Throughout our lives, there are many occasions in which we find ourselves asking: do the ends justify the means? That question is posed throughout the duration of the anime and manga Death Note, and that question is allowed to become more specific throughout the themes of the show. The questions posed by Death Note is this: should we be allowed to decide the fate of others as judge, jury, and executioner just because we find their crimes heinous? Furthermore, when we lose interest in these ideals of morality, should we be given the freedom to rewrite them all together to sculpt what we believe to be a better world?
For Light Yagami, all of these questions are a resounding "yes," and because of that, he feels no guilt for what he wants to do. After all, Death Note is a mystery/action thriller anime and manga about a young man who is given the power to kill others by way of a Shinigami’s death notebook and decides to kill criminals through his own single-minded brand of justice.

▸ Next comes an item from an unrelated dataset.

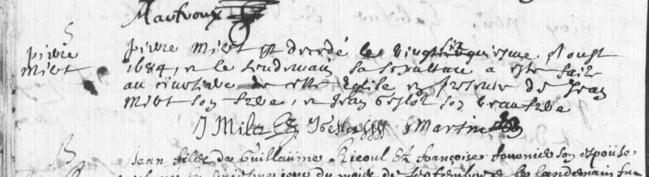 Père : MILET Pierre ( 1626 - 1684 )
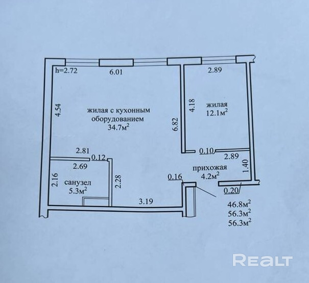 • Общая площадь – 56,3 м.кв.

But what motivates him to do it? A true sense of decency and justice? Or is it fair to accept the truth—that he was bored with the way things were.
As a whole, Light was born with exponentially more luck than anyone else. Both of his parents are alive and well. He has a cheerful, healthy sister, and he’s a high honor student, one of the smartest in the Kanto region of Japan, in fact. Beyond that, he is the comfortable son of a police chief, which gave him a strong moral stance. But because of all of this, to Light, his life is just the same as everyone else’s, leaving it feeling mundane and leaving Light feeling as if he ultimately has little worth in the world. Light is someone who wants to matter to others, for his very presence to affect the world in a meaningful way that gives him a sense of peace and purpose. That need for purpose intersects with his need for justice; he doesn’t want the world around him filled with vicious and terrible things around every corner, destroying millions of innocent lives, all while he just exists unaffected from the sidelines.
Light simply needs to be a savior in order to prove all of the respect and honor were given to him wasn’t misguided—that he is important, one of a kind. Truly, that he could be the only one who could actually change the world. That’s why when he finally finds the means to make such a change thanks to Ryuk the Death God, he takes the opportunity and runs. This opportunity comes in the form of Ryuk attempting to embrace his own sense of boredom with the way things work on Earth and dropping the most powerful murder weapon on Earth—the Death Note—just for fun, and right into Light's path.
Its power is unleashed upon the evil of the world through the hands of light, and Kira, a Japanese term for killer and Light's alias, gets a following. Here is where Light’s talents for misdirection and lies are put into play, and thanks to his police connections, he has a wider database on who to kill that makes him absolutely deadly.
Because of all the freedom, he’s given, his longing for change becomes a lust for power. Sure enough, his hidden darknesses surface, and his methods become more brutal and manipulative. But, in spite of this, his reputation continues to grow, and no matter what happens to his life, family, or soul in the process, it no longer matters to him, because all that has happened and may continue to happen at his hands will always be... "just as planned."